Introducing a nanoMIPS port for GCC

Robert Suchanek Wed, 02 May 2018 02:53:39 -0700

Yesterday, MIPS Tech announced the latest generation of the MIPS family of
architectures called nanoMIPS [1].  As part of the development we have been
designing all the open source tools necessary to support the architecture and,
thanks to the speed with which we were able to prototype, we have also been
using these tools to shape the architecture along the way.  This has led to
some really interesting improvements in the tools, which MIPS would like to
contribute back to the community.  While doing this work many of us have been
unable to contribute to the community as actively as we would have liked, we
are therefore very grateful for the community support given to the MIPS
architecture over the last 18 months.  This announcement has a general
introduction at the start, so if you have already read it for one of the other
tools, you can skip down to the information specific to GCC.

For anyone who knows the MIPS architecture you may well wonder why we are
introducing another major variant and the question is perfectly valid. We do
admittedly have quite a few: MIPS I through MIPS IV, MIPS32 and MIPS64 through
to MIPS32R6 and MIPS64R6, MIPS16e, MIPS16e2, microMIPSR3 and microMIPSR6.
Each of these serves (or served) a purpose and there is a high level of
synergy between all of them. In general, they build upon the previous and
there is a high level of compatibility, even when switching to a new encoding
like moving from MIPS to microMIPS. The switch to MIPS32R6/MIPS64R6 was a
major shift in the way the architecture innovated and drew more on the
original theory of the architecture, where evolution was not expected to be
limited by binary compatibility. MIPS Release 6 removed instructions and did
create some very minor incompatibility but is also much cleaner to implement
from a micro-architecture perspective. We have taken this idea much further
with nanoMIPS and reimagined the instruction set, by drawing on all the
experience gained from previous designs. Hopefully others will find it as
interesting as we do.

The major driving force behind the nanoMIPS architecture was to achieve
outstanding code density, while also balancing out hardware and software
design cost. As background MIPS has two compressed ISA variants: MIPS16e,
which cannot exist without also implementing MIPS32, and microMIPS, which can
exist on its own. Since MIPS16e has specific limits that cannot be engineered
around, we chose to use an approach similar to the microMIPS design.

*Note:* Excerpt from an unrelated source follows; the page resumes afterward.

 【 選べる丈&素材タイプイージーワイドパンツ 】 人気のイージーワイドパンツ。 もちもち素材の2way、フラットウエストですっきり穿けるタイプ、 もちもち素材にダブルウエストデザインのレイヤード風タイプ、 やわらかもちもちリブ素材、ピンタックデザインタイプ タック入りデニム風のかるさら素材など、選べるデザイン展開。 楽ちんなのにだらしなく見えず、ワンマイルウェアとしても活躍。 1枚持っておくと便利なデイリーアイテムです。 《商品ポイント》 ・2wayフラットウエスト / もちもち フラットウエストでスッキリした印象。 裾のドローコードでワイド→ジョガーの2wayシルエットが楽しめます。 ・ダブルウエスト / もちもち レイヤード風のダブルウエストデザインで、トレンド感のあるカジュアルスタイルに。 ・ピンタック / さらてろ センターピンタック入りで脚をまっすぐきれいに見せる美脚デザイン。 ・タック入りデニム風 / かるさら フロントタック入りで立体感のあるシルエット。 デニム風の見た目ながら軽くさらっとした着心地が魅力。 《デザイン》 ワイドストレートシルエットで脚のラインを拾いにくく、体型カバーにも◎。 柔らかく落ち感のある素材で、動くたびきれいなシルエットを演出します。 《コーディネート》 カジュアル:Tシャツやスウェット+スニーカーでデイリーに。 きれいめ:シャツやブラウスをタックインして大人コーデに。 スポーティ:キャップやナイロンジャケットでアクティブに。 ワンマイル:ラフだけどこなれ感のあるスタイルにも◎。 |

nanoMIPS has a variable-length compressed instruction set that is completely
standalone from the other MIPS ISAs. It is designed to compress the highest
frequency instructions to 16-bits, and use 48-bit instructions to efficiently
encode 32-bit constants into the instruction stream. There is also a wider
range of 32-bit instructions, which merge carefully chosen high frequency
instruction sequences into single operations creating more flexible addressing
modes such as indexed and scaled indexed addressing, branch compare with
immediate and macro style instructions. The macro like instructions compress
prologue and epilogue sequences, as well as a small number of high frequency
instruction pairs like two move instructions or a move and function call.
nanoMIPS also totally eliminates branch delay slots which follows a precedent
set by microMIPSR6.

To get the best from a new ISA we also re-engineered the ABI and created a new
symbiotic relationship between the ISA and ABI that pushes code density and
performance further still. The ABI creates a fully link time relaxable model,
which enables us to squeeze every last byte out of the code image even when
deferring final addressing mode and layout decisions to link time. We have
been mindful of MIPS heritage and ensured that while open to any possible
change, we also have minimal impact when porting code from MIPS to nanoMIPS,
and have plenty of support to achieve source compatibility between the two.

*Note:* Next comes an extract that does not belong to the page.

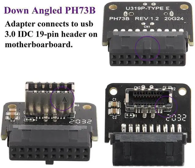 This 90-degree down-right angle conversion adapter connects motherboard 19Pin USB 3.0 header to USB 3.1 Type-E front panel port. It solves interface mismatch and wiring troubles during PC assembly and modification. Reasonable angle layout effectively saves chassis space, tidies internal lines and prevents bending damage. Made of high-quality conductive contacts and insulating housing to ensure secure connection and stable data transmission. Widely suitable for mainstream desktop motherboards, it is a practical accessory for computer hardware expansion, case replacement and DIY wiring arrangement.

The net effect of these changes leads to an average code size reduction of 20%
relative to microMIPSR6. This compression could well be one of the best
achieved by GNU tools for any RISC ISA. Comparing the ISA in terms of number
of instructions to issue vs microMIPS we also see a reduction of between 8%
and 11% of dynamic instruction count.

Below we dig into some technical specifics for each of the GNU tools; we
welcome any feedback and questions as we start to look at rebasing this work
to the trunk/master and formally submitting it. nanoMIPS pre-built toolchains
and source code tarballs are available at:

http://codescape.mips.com/components/toolchain/nanomips/2018.04-02/

GCC specific details
====================

The back-end
------------

Instead of creating a new back-end for nanoMIPS, we decided to reuse the
existing MIPS back-end. Starting from scratch would have required copying the
majority of code but most of the logic would have remained the same. Reusing
allowed us to speed up porting. Maintenance might be more difficult but a fix
for nanoMIPS could automatically be a fix MIPS and vice versa.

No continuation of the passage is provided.